The Rise and Fall of Peer Review, 2022, Mastroianni

Keela Too

Senior Member (Voting Rights)
https://experimentalhistory.substack.com/p/the-rise-and-fall-of-peer-review

The rise and fall of peer review
Why the greatest scientific experiment in history failed, and why that's a great thing
Adam Mastroianni Dec 13

“For the last 60 years or so, science has been running an experiment on itself. The experimental design wasn’t great; there was no randomization and no control group. Nobody was in charge, exactly, and nobody was really taking consistent measurements. And yet it was the most massive experiment ever run, and it included every scientist on Earth.”

Worth a read. ME isn’t mentioned, but many if the points made are similar to the situation we find ourselves in.

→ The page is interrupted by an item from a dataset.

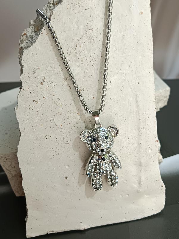 Нержавіюча ювелірна сталь, родій Довжина ланцюжка 59см, ведмідь кулон 4'6см

PS I was able to read the whole article on my phone in Reader View, but when I turned that off, it asked me to subscribe. :thumbsdown:

Edit to add. This is the Tweet I saw.
 
My mind is blown by the novelty of his points, and the clarity with which he expresses, then demonstrates, them. He makes some solid points:
  • The best way to review science is to reproduce it. Carefully analyzing the data is second best. Peer review is more like a smoke test--"Does it smoke when you plug it in? Good enough." If it's not reviewed, but it's reproduced thoroughly, does it matter?
  • My own point: This is what we do in hard science. We don't rely on peer review. If we doubt how another team measured the gravitational constant, let's build our own experiment that's better.
  • The language in scientific papers is often thick and impenetrable, a senseless stumbling block to comprehension. You can explain complex concepts with simple language: https://xkcd.com/1133/ is a humorous example.
  • Almost all papers bury the authors' feelings and opinions in the same linguistic thicket. We can live a little. Science can be amusing. Check out this two-sentence mathematics paper.
  • Science can be humble. Explaining why you came up with a hypothesis, or the thought processes that led us from experiment to experiment can inspire further research. "I expected to get X result but I was dead wrong. Then I started investigating why." Exploring your work's limitations ("This only proves this part of my hypothesis") has the same effect.
  • Statistical analysis is overrated. Strong results don't need p-values. P-values and confidence errors only protect against random noise, not bias.
  • "But science is a strong-link problem: progress depends on the quality of our best work." I keep saying this! Quality over quantity. A few definitive studies beat preliminary chaff.
 
  • The best way to review science is to reproduce it. Carefully analyzing the data is second best. Peer review is more like a smoke test--"Does it smoke when you plug it in? Good enough." If it's not reviewed, but it's reproduced thoroughly, does it matter?
Comparing to quality control in software development, peer review is equivalent to what is called a "sanity test". The lowest form of basic test that is automatically run on a constant basis. It just checks the basics and amounts to very little.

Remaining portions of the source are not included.